Bandit opens a ‘mobile-only’ coffee shop in New York

If you wander into the Bandit coffee shop in Midtown New York, you won’t be able to just walk up to the counter and order something. Instead, you’ll need to download a mobile app.

I experienced it for myself yesterday afternoon, when I — along with several other customers — pulled my phone out, downloaded the Bandit app, then used the app to create a profile, order and pay. A couple minutes later, a barista called me up to the counter and handed me my (pretty good) coffee.

In other words, while Starbucks has been experimenting with mobile ordering and payment, Bandit is betting entirely on what co-founder and CEO Max Crowley called a “mobile-only” store.

Obviously, this model can lead to some initial awkwardness, particularly if random passersby don’t understand it. But there are friendly Bandit staff members on-hand to help, and Crowley (who was previously the general manager of Uber for Business) said that this model offers an opportunity to create “a whole new type of experience.”

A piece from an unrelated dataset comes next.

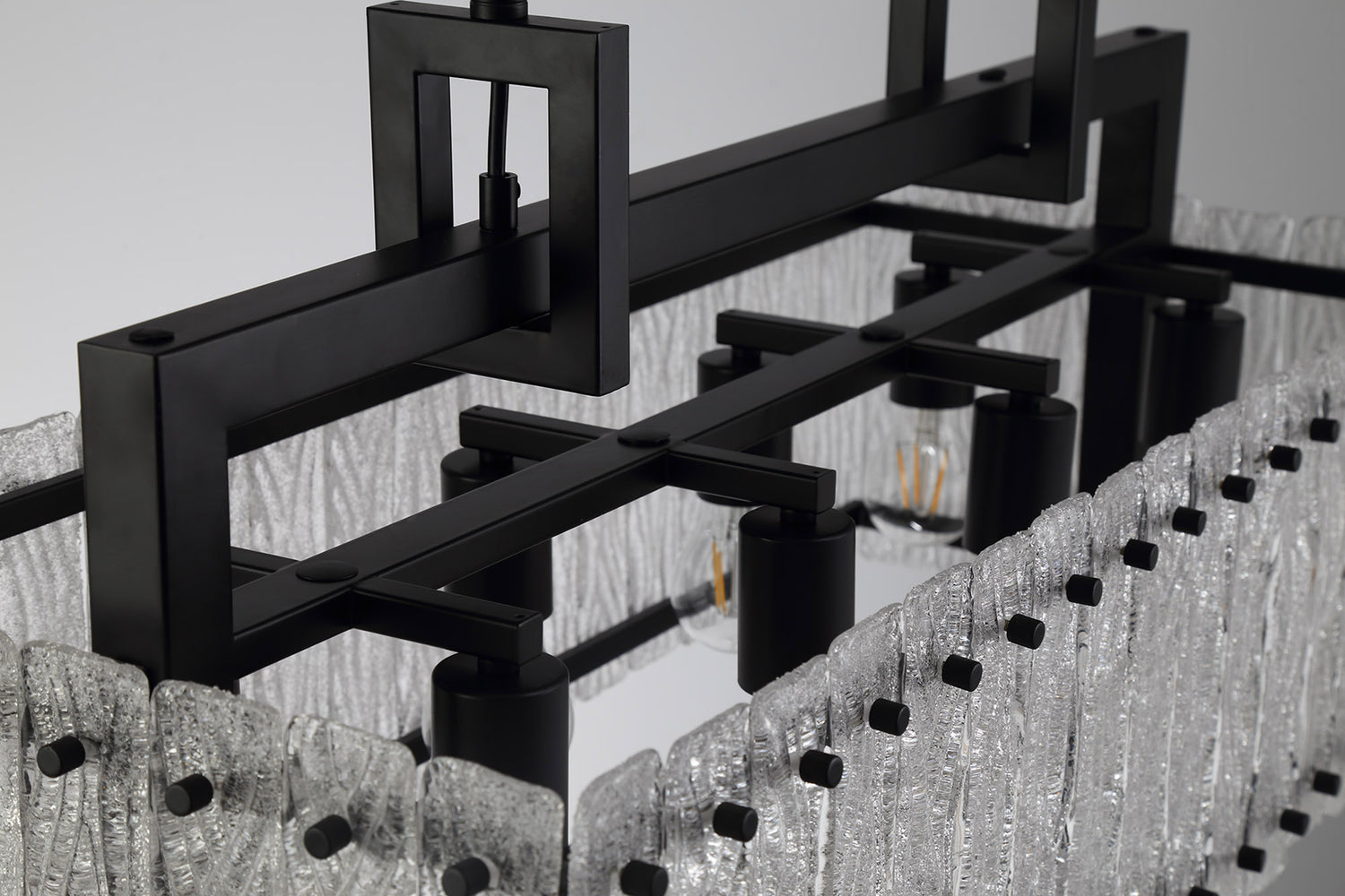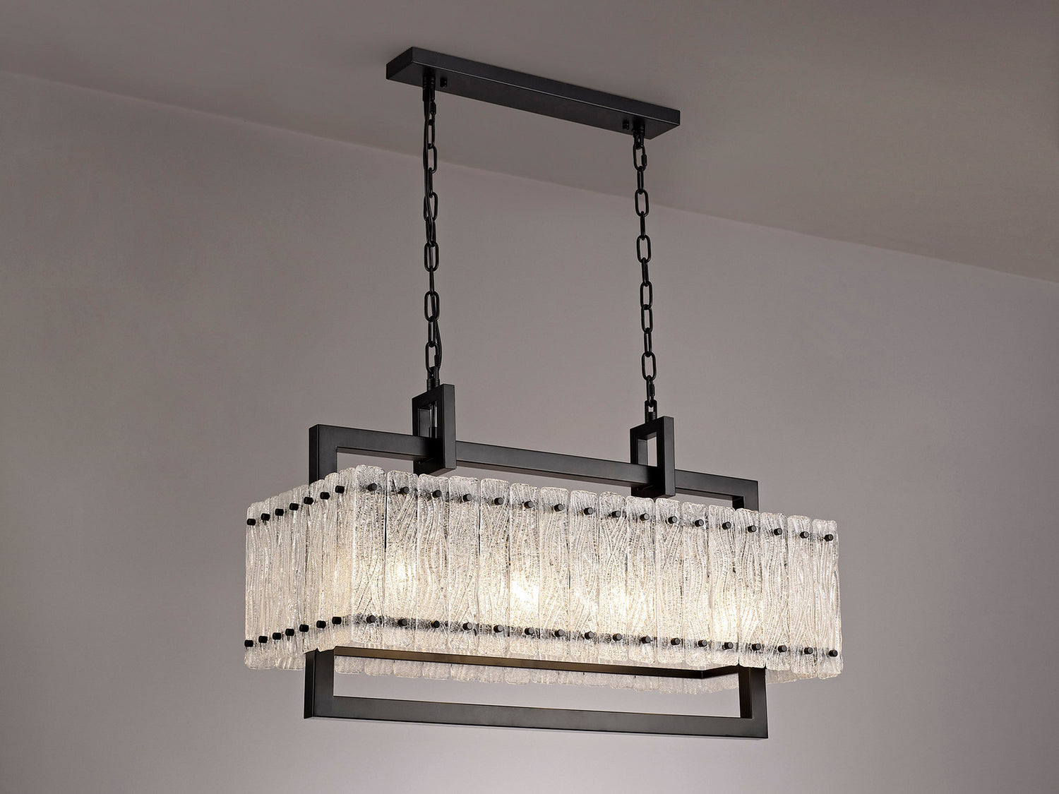 SAR5867 Sarin Medium Linear Pendant 8 Light (15.5kg) in a Matt Black/Crystal Sand Artistic Finish
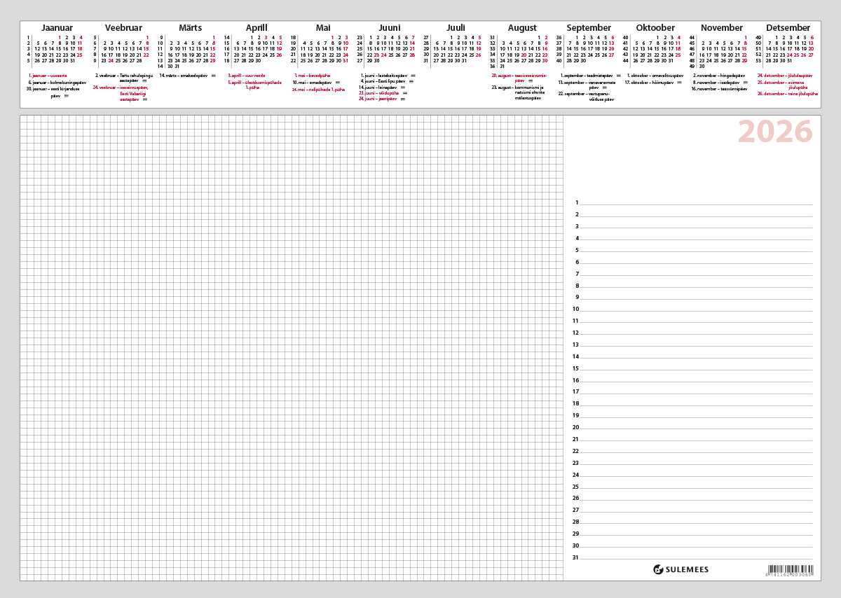 Previous Product Next Product Laualehed 600x420mm, 12 lehte servast liimitud 7,60 € Laualehed 600x420mm, 12 lehte servast liimitud Laos Laualehed 600x420mm, 12 lehte servast liimitud kogus Lisa korvi Tootekood: 00306 Kategooria: Muud lauakalendrid Kirjeldus Lisainfo Kirjeldus Liimplokk. Mõõt 600x420mm. Liimitud alumisest servast. Riigipühad, riiklikud tähtpäevad ja lipupäevad. Aastakalender alati avatud. Lisainfo Kaal 0,537500 g Mõõtmed 0,42 × 0,595 × 0,002 mm Seotud tooted Kiirvaade Kiirvaade Muud lauakalendridAstroloogiline lauakalender 5,60 € Lisa korvi Kiirvaade Kiirvaade Muud lauakalendridLauaploki alus Forofis, metallsõrestik hõbe 6,20 € Lisa korvi Kiirvaade Kiirvaade Muud lauakalendridLauakalender DUO, korraga avatud 2 nädalat, spiraalköide 3,50 € Lisa korvi

He pointed to the rapid growth of China’s Luckin Coffee as an inspiration, and he suggested that ultimately, Bandit should offer customers the most convenient way to satisfy their coffee cravings: Wherever they are, they open the app and order the drink they want. Then they’ll told when it will be ready, and where to pick it up.

Bandit can’t deliver that level of convenience for most customers quite yet, since it only has a single location. But Crowley said he’s also rethought other aspects of the coffee shop model.

For one thing, this first Bandit store is located in what’s essentially a raw retail space. Crowley said he’s team has developed an 11-by-11 foot countertop where all the coffee is prepared — it’s assembled elsewhere and just needs to be plugged in, eliminating the need for an extensive buildout.

“We can launch [a new location] in a few hours, and we can do it at about a tenth the cost of a traditional store,” he said.

So the plan is to launch four or five more New York stores in the coming months, and to expand beyond New York by the end of the first quarter of 2020.

Crowley added that by keeping costs down, Bandit can also keep its coffee affordable: “I don’t think an iced latte needs to be $6 or $7. Our goal is to be less expensive than Starbucks.” (My coffee yesterday, for example, cost me $2.) It’s also experimenting with other pricing models, starting with a $20 subscription that gets you an unlimited $1 drinks for a month.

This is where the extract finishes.